Attackers once again are targeting an unpatched vulnerability in Adobe Reader that allows them to take complete control of a user’s computer, the software maker warned. Adobe said it planned to patch the critical security bug in Reader and Acrobat 9.1.3 for Windows, Mac and Unix on Tuesday, the date of the company’s previously scheduled patch release for the PDF reader. According to Security Focus here, attackers can exploit the vulnerability by tricking a user into opening a booby-trapped PDF file. “Successful exploits may allow the attacker to execute arbitrary code in the context of a user running the affected application,” the security site warned. “Failed attempts will likely result in denial-of-service conditions.” The bug is presently being exploited in “limited targeted attacks,” Security Focus added, without elaborating. Adobe said only that the attacks target Reader and Adobe running on Windows operating systems. Those using Windows Vista with a feature known as data execution prevention enabled are safe from the exploit.
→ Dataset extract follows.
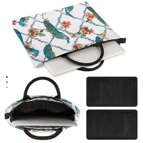 Peacocks Flowers Laptop Sleeve with Handle Waterproof Computer Carrying Case

Users on other platforms can insulate themselves from the current attack by disabling java_script from running inside the application, but Adobe warned it’s possible to design an exploit that works around that measure.
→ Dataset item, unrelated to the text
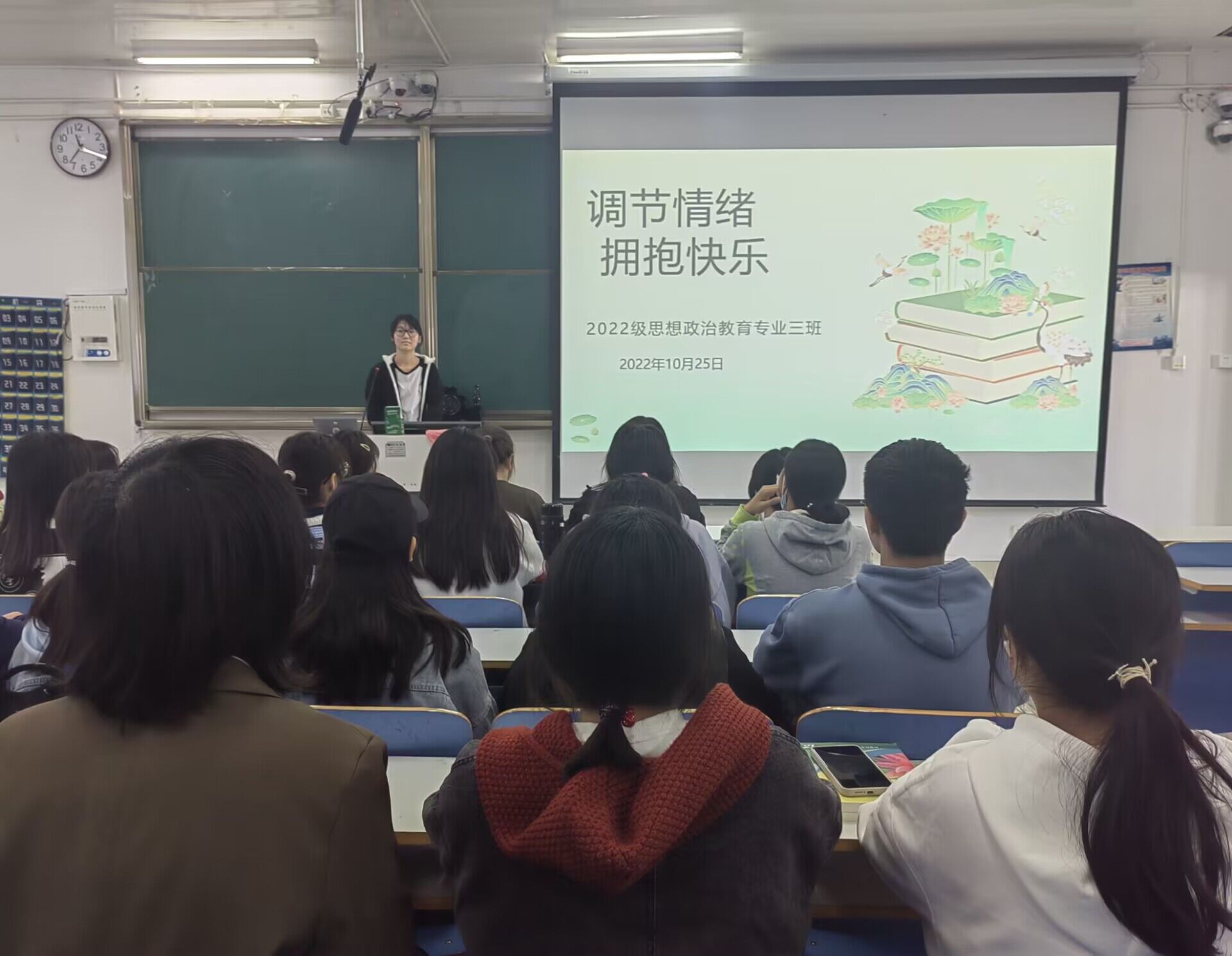 为深入推动大学生心理健康教育,引导大学生积极主动地关注自身心理健康,10月25日上午,太阳集团tyc59972022级思想政治教育三班在社科楼514教室召开“调节情绪,拥抱快乐”主题班会。我院2022级思想政治教育三班全体成员共同参加会议,班会由心理委员张韶涵主持。

FBI Said Emails Are Fraudulent...Watch Out!!!

October 2009

On October 5, 2009, the FBI’s cyber investigations unit released warnings to the public concerning three fraudulent emails currently making the rounds on the Internet. The first email, which has been circulating since August 15, 2009, is titled “New Patterns in Al-Qaeda Financing” and has the subject title “Intelligence Bulletin No. 267.” It has also an attachment, “bulletin.exe” that if opened, may contain files which are harmful to the recipient’s computer or may try to obtain user credentials. The second fraudulent email purportedly comes from the Department of Homeland Security and the FBI’s counterterrorism division and has as a subject line “New DHS Report.” It also has been circulating since August 15, 2009 and claims to contain via an attachment an audio speech by “Usama Bin Laden.” If opened, the attachment, “audio.exe” contains malicious software that will try to obtain information from the recipient’s computer. The final email claims to be a report from the FBI’s “Weapons of Mass Destruction Directorate.” It contains an attachment, “reports.exe” that, if opened, could execute trojan software related to ‘W32.Waledac” that is designed to steal user authentication credentials or send out spam. The public is advised not to click on these emails or anything similar as they are hoaxes.
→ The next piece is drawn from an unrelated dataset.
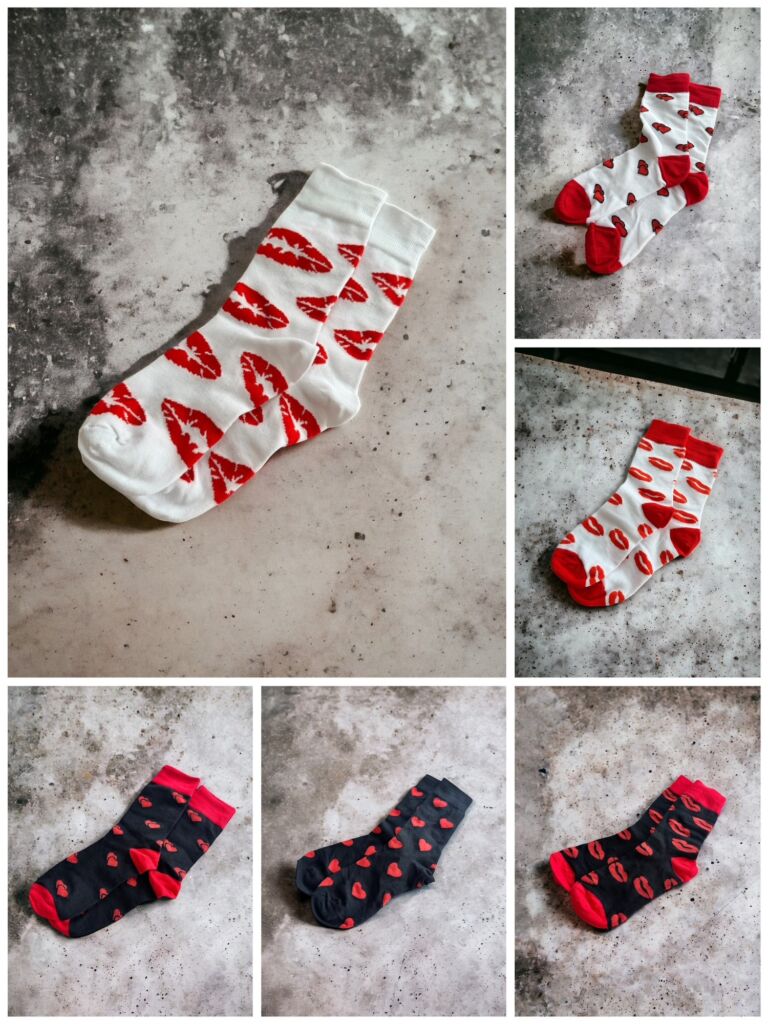 Stylové černé nebo bílé ponožky s motivy pusinek nebo srdíček. Už máte vybráno? Dokonalý doplněk k Valentýnské limitce Lovers Roast z Kolumbie

Google Yahoo Hotmail Passwords Leaked!!!

October 2009

Passwords for Google, Yahoo and Hotmail accounts illegally leaked online. Documents seen by CNET UK suggest thousands of usernames and passwords for Hotmail, Google and Yahoo accounts have been illegally posted to the Internet. Login credentials for accounts ending with yahoo.com, hotmail.com, gmail.com, msn.com, live.com andhotmail.fr were seen. Users of these services are strongly encouraged to immediately change their passwords. Usernames and passwords for Google’s Gmail service could also provide hackers with access to users’ YouTube, Blogger, Google Docs and Google Talk accounts, as these services are all owned by Google and often work under a single login ID. CNET UK contacted Google, which acknowledged the leaked details and blames phishing attacks rather than insecurities within Google’s system. “We recently became aware of an industry-wide phishing scheme through which hackers gained user credentials for Web-based mail accounts including Gmail accounts,” a Google spokesperson told CNET UK. “As soon as we learned of the attack, we forced password resets on the affected accounts. We will continue to force password resets on additional accounts when we become aware of them.” CNET UK also contacted Yahoo; a spokesperson confirmed, “We are aware and are investigating.” Reports of leaked Hotmail account details first appeared on Neowin. Microsoft later confirmed the news, and announced that “as a result of our investigation we are taking measures to block access to all of the accounts that were exposed and have resources in place to help those users reclaim their accounts.”